The visitors’ defence, superbly marshalled by Jay Smith and Phil Warner, had smothered the threat of Scotland but had been stretched to breaking point down the wings by Tom Butler and Andy Robinson.
As Havant began to tire, Robinson finally struck with a classical right-foot free kick from 25 yards in the 74th minute that seemed to signal the end of Havant’s increasingly desperate resistance. Far from it.
Three minutes later, Havant’s Brett Poate was given a straight red card for a late challenge on Andrea Orlandi and tempers, which had been simmering for a few minutes, boiled over into a full-scale bout of pushing and shoving. Having worked so hard and waited so long to edge ahead, Swansea should not have been drawn into a fracas.

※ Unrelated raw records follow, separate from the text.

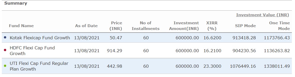 We searched for the three largest Flexi Cap funds with a monthly investment of Rs 10,000 for five years.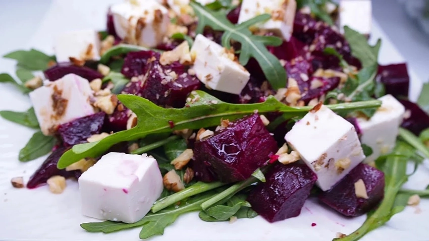 3. Тёплый салат со свёклой, рукколой и фетой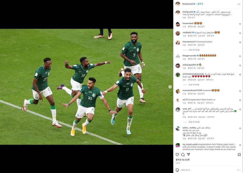 "아랍에 기쁨을 준 사우디아라비아를 축하한다. 우리를 행복하게 해줬다"는 말은 이번 경기가 가진 의미를 상징적으로 보여준다.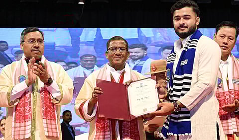 Eminent journalist and litterateur Kanaksen Deka was conferred upon with the honorary D.Litt. degree for his significant contribution to journalism, Assamese literature, and culture. Two students of the BA Programme for Sportspersons—Riyan Parag and Anyatam Rajkonwar—also received their degrees on Wednesday.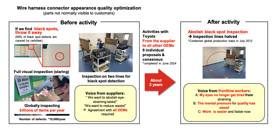 ▲ 以前電線接頭的塑膠殼如果有黑點就會被 Toyota 退貨,現在他們開始放棄這種誇張的品管要求。(Source:Toyota)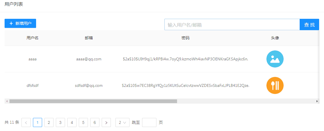 到现在为止,项目前后端功能已实现登录,token获取验证,上传头像,添加用户,这篇文章主要讲述实现前后端用户列表分页查找,模糊查询,用户列表渲染功能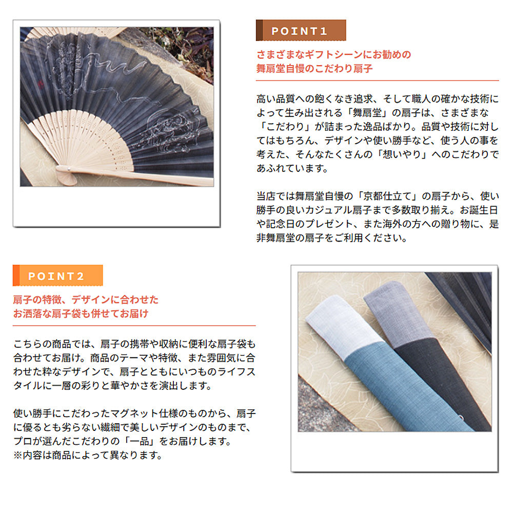 その他携帯・収納に便利なお洒落な扇子袋も併せてお届け。普段使いにはもちろん、贈り物にもお勧めです。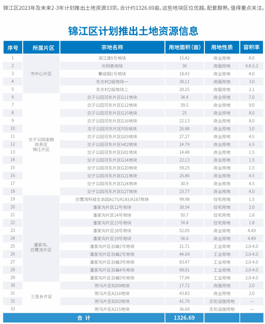 同时,在今年初,锦江区举行了规划设计成果及城市机会清单发布会。在这份清单中,锦江区也披露了今年的供地计划,锦江区的下一步棋,就此水落石出。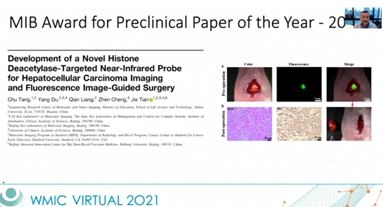 近日,2026世界杯官方合作网站青年教师唐初副教授最新研究成果“Development of a Novel Histone Deacetylase-Targeted Near-Infrared Probe for Hepatocellular Carcinoma Imaging and Fluorescence Image-Guided Surgery”,被世界分子影像大会 (WMIC)授予为2020年度预临床研究最佳论文奖(MIB Award for Preclinical Paper of the Year-2020)。作为国际分子影像学领域最具影响力的顶级学术盛会,WMIC每年都会吸引数千名来自世界各地的科学家和临床医生相聚一堂,分享探讨分子影像学的最新进展、创新理念和前沿研究。该论文获奖表明公司在分子影像领域的研究获得了国际同行专家的认可,这也是公司成果首次获得该奖。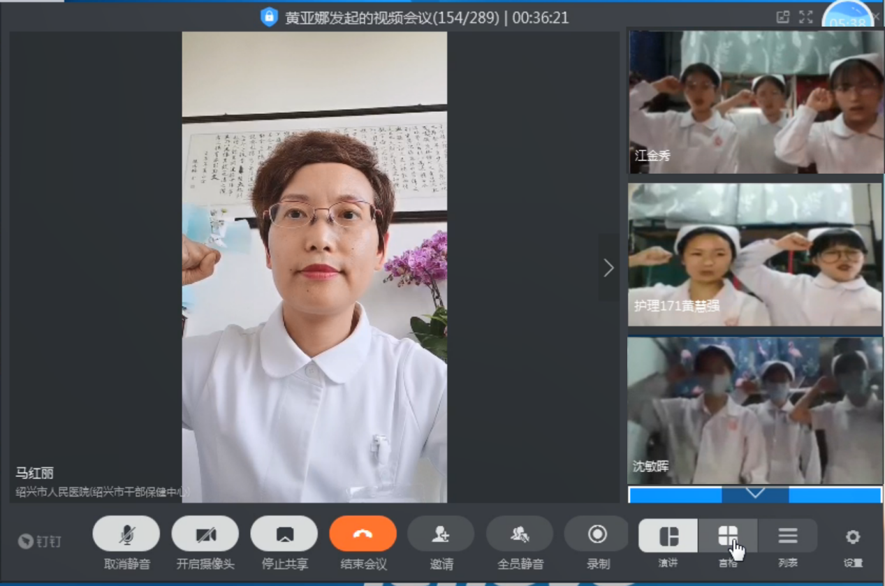 本次“云宣誓”邀请到绍兴市人民医院护理部主任马红丽同志作为领誓人,由她带领17届全体护理学生进行云宣誓。薪火相传,誓言铮铮。全体护理学生身穿洁白的护士服,右手握拳,抖擞精神,挺拔身姿,许下自己无悔从事护理事业的青春誓言。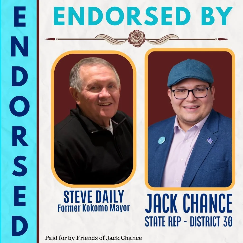“Jack Chance has been running for Indiana State Representative, District 30 for over a year. He has been attending public events, community meetings, churches, schools, parades, festivals, and fairs, engaging with people from all walks of life across central Indiana.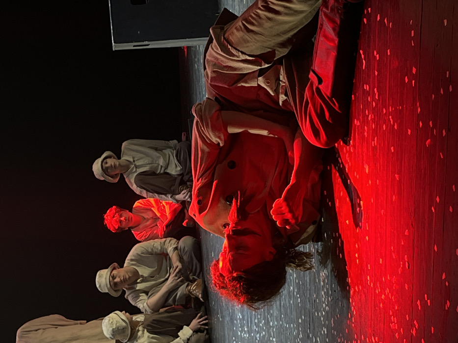 The image depicts a theatrical performance on a wooden stage, potentially located in Novoshakhtinsk, Russia. In the foreground, one individual lies prone on their left side, illuminated by intense red stage lighting. This person wears a light-colored, long-sleeved tunic with dark buttons and dark trousers; their long, dark, curly hair is visible, and their hands are clasped near their chest, with their head tilted backward and face angled upwards. Behind the prone figure, five other individuals are seated in a semi-circle on the stage floor. Three of these individuals wear light-colored bucket hats along with light-colored tunics and dark trousers. The central seated figure among them is also prominently highlighted by the red stage lighting, causing their attire to appear orange-red. All seated figures maintain a posture of observation. The stage floor is littered with numerous small, light-colored paper fragments or confetti. The background is dark, and a large, dark, rectangular object, consistent with a speaker or stage prop, is visible on the far right side of the frame.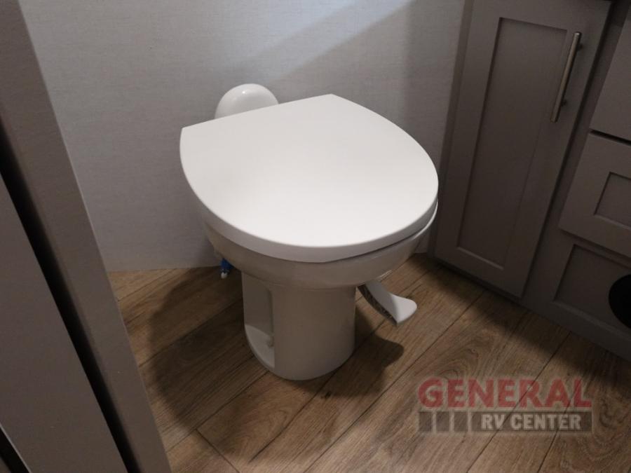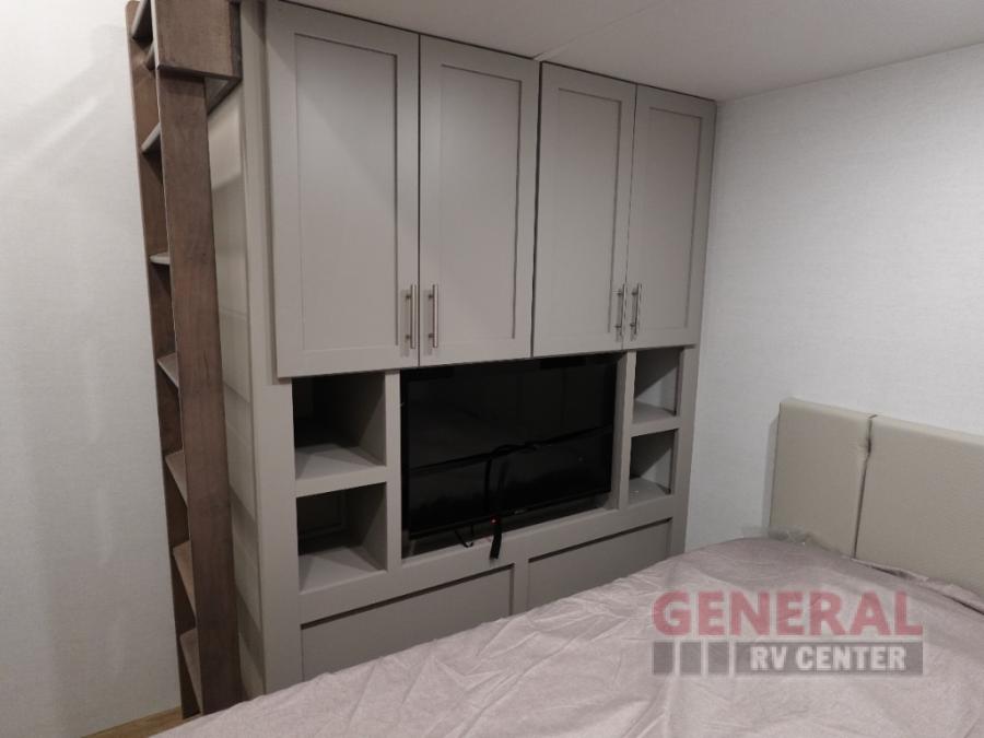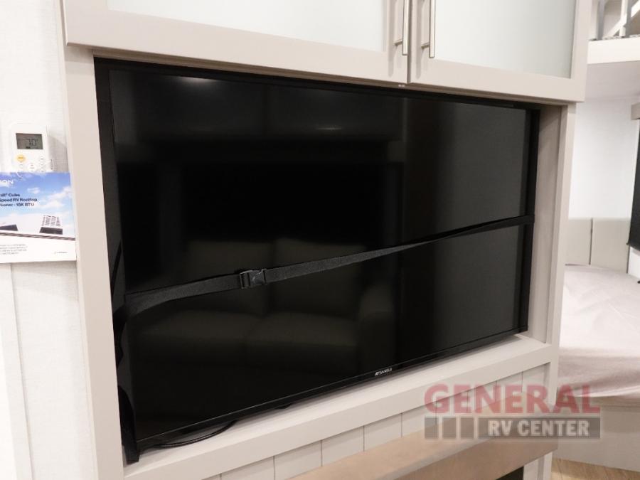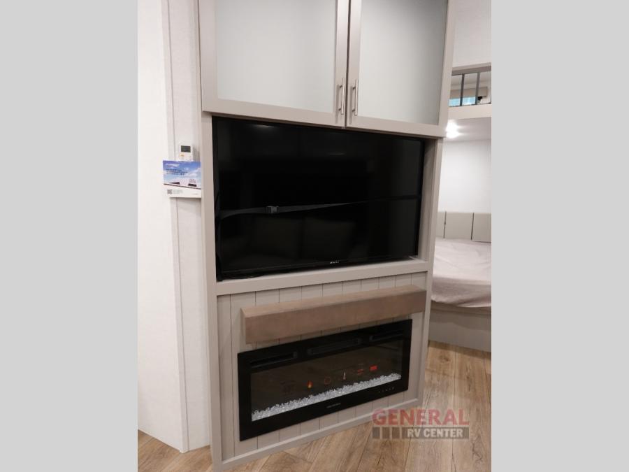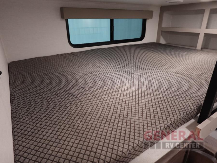 The whole gang can join in on the fun in this fifth wheel! The rear private 54" x 74" loft bed features a lower 60" x 70" bed beneath with storage and a TV, and its very own half bathroom with private entry/exit to the outside. There is also an exterior baggage door so you can easily pack gear straight into this room. The living area comes with dual recliner theater seating, a swing out 50" class HDTV, and a floating dinette table with two chairs and a movable ottoman with flip up storage. There is also a 16 cu. ft. 12 volt refrigerator and pull-out pantry here for food storage. And you can easily prepare your best home cooked meals using the three burner cooktop.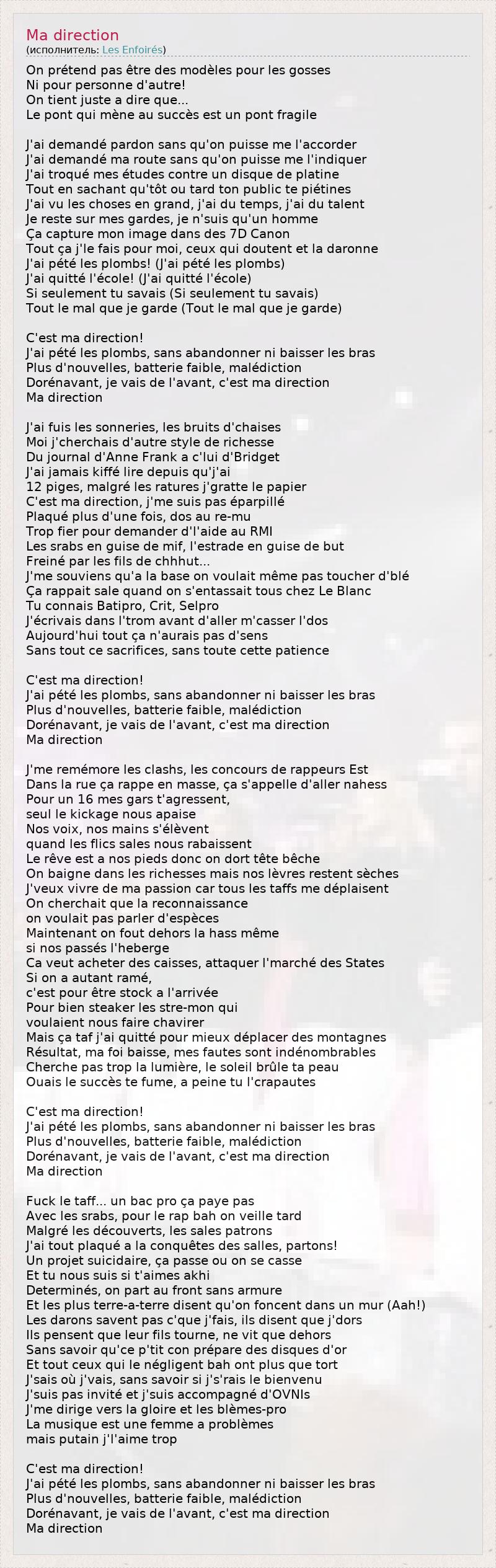 On prétend pas être des modèles pour les gosses Ni pour personne d'autre! On tient juste a dire que... Le pont qui mène au succès est un pont fragile J'ai demandé pardon sans qu'on puisse me l'accorder J'ai demandé ma route sans qu'on puisse me l'indiquer J'ai troqué mes études contre un disque de platine Tout en sachant qu'tôt ou tard ton public te piétines J'ai vu les choses en grand, j'ai du temps, j'ai du talent Je reste sur mes gardes, je n'suis qu'un homme Ça capture mon image dans des 7D Canon Tout ça j'le fais pour moi, ceux qui doutent et la daronne J'ai pété les plombs! (J'ai pété les plombs) J'ai quitté l'école! (J'ai quitté l'école) Si seulement tu savais (Si seulement tu savais) Tout le mal que je garde (Tout le mal que je garde) C'est ma direction! J'ai pété les plombs, sans abandonner ni baisser les bras Plus d'nouvelles, batterie faible, malédiction Dorénavant, je vais de l'avant, c'est ma direction Ma direction J'ai fuis les sonneries, les bruits d'chaises Moi j'cherchais d'autre style de richesse Du journal d'Anne Frank a c'lui d'Bridget J'ai jamais kiffé lire depuis qu'j'ai 12 piges, malgré les ratures j'gratte le papier C'est ma direction, j'me suis pas éparpillé Plaqué plus d'une fois, dos au re-mu Trop fier pour demander d'l'aide au RMI Les srabs en guise de mif, l'estrade en guise de but Freiné par les fils de chhhut... J'me souviens qu'a la base on voulait même pas toucher d'blé Ça rappait sale quand on s'entassait tous chez Le Blanc Tu connais Batipro, Crit, Selpro J'écrivais dans l'trom avant d'aller m'casser l'dos Aujourd'hui tout ça n'aurais pas d'sens Sans tout ce sacrifices, sans toute cette patience C'est ma direction! J'ai pété les plombs, sans abandonner ni baisser les bras Plus d'nouvelles, batterie faible, malédiction Dorénavant, je vais de l'avant, c'est ma direction Ma direction J'me remémore les clashs, les concours de rappeurs Est Dans la rue ça rappe en masse, ça s'appelle d'aller nahess Pour un 16 mes gars t'agressent, seul le kickage nous apaise Nos voix, nos mains s'élèvent quand les flics sales nous rabaissent Le rêve est a nos pieds donc on dort tête bêche On baigne dans les richesses mais nos lèvres restent sèches J'veux vivre de ma passion car tous les taffs me déplaisent On cherchait que la reconnaissance on voulait pas parler d'espèces Maintenant on fout dehors la hass même si nos passés l'heberge Ca veut acheter des caisses, attaquer l'marché des States Si on a autant ramé, c'est pour être stock a l'arrivée Pour bien steaker les stre-mon qui voulaient nous faire chavirer Mais ça taf j'ai quitté pour mieux déplacer des montagnes Résultat, ma foi baisse, mes fautes sont indénombrables Cherche pas trop la lumière, le soleil brûle ta peau Ouais le succès te fume, a peine tu l'crapautes C'est ma direction! J'ai pété les plombs, sans abandonner ni baisser les bras Plus d'nouvelles, batterie faible, malédiction Dorénavant, je vais de l'avant, c'est ma direction Ma direction Fuck le taff... un bac pro ça paye pas Avec les srabs, pour le rap bah on veille tard Malgré les découverts, les sales patrons J'ai tout plaqué a la conquêtes des salles, partons! Un projet suicidaire, ça passe ou on se casse Et tu nous suis si t'aimes akhi Determinés, on part au front sans armure Et les plus terre-a-terre disent qu'on foncent dans un mur (Aah!) Les darons savent pas c'que j'fais, ils disent que j'dors Ils pensent que leur fils tourne, ne vit que dehors Sans savoir qu'ce p'tit con prépare des disques d'or Et tout ceux qui le négligent bah ont plus que tort J'sais où j'vais, sans savoir si j's'rais le bienvenu J'suis pas invité et j'suis accompagné d'OVNIs J'me dirige vers la gloire et les blèmes-pro La musique est une femme a problèmes mais putain j'l'aime trop C'est ma direction! J'ai pété les plombs, sans abandonner ni baisser les bras Plus d'nouvelles, batterie faible, malédiction Dorénavant, je vais de l'avant, c'est ma direction Ma direction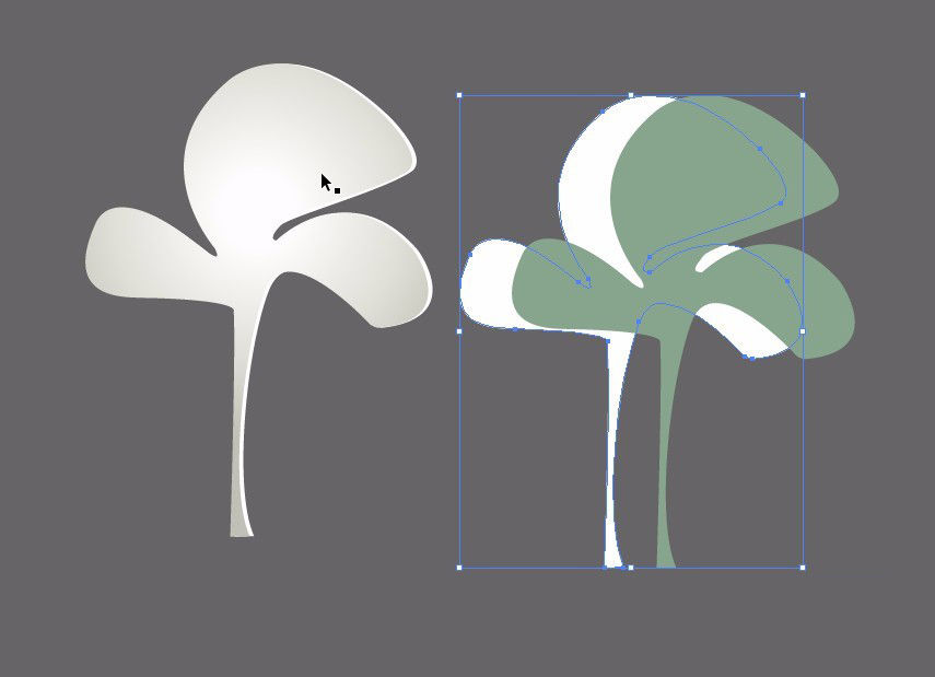 2.用钢笔工具绘制一个如图形状。填充白色描边无。按ctrl+c,ctrl+F复制一层在上面。按左方向键向左移动一些。填充渐变色①#fdfdfd②#dfe0d7③#c0c1b6;类型:径向。

Alan Tate, the Swansea captain, was also shown a red card for his part in the melee and a match that Swansea had under control spun crazily out of their grasp.
“The sendings-off disorganised them a bit,” said Oatway. “But we were in the last chance saloon.” Without Tate, Swansea lost concentration for a second and Baptiste was given space to chest the ball down and steady himself for a shot which angled into the far corner right in front of 368 delirious Havant supporters.
Swansea manager Roberto Martinez was less than happy with the referee for not cracking down on the nonleague side’s physical approach. “Andrea was lucky to get up and walk away after that challenge,” said the Spaniard. But his side should have settled the tie well before Baptiste produced his own version of the Rocky Horror Show.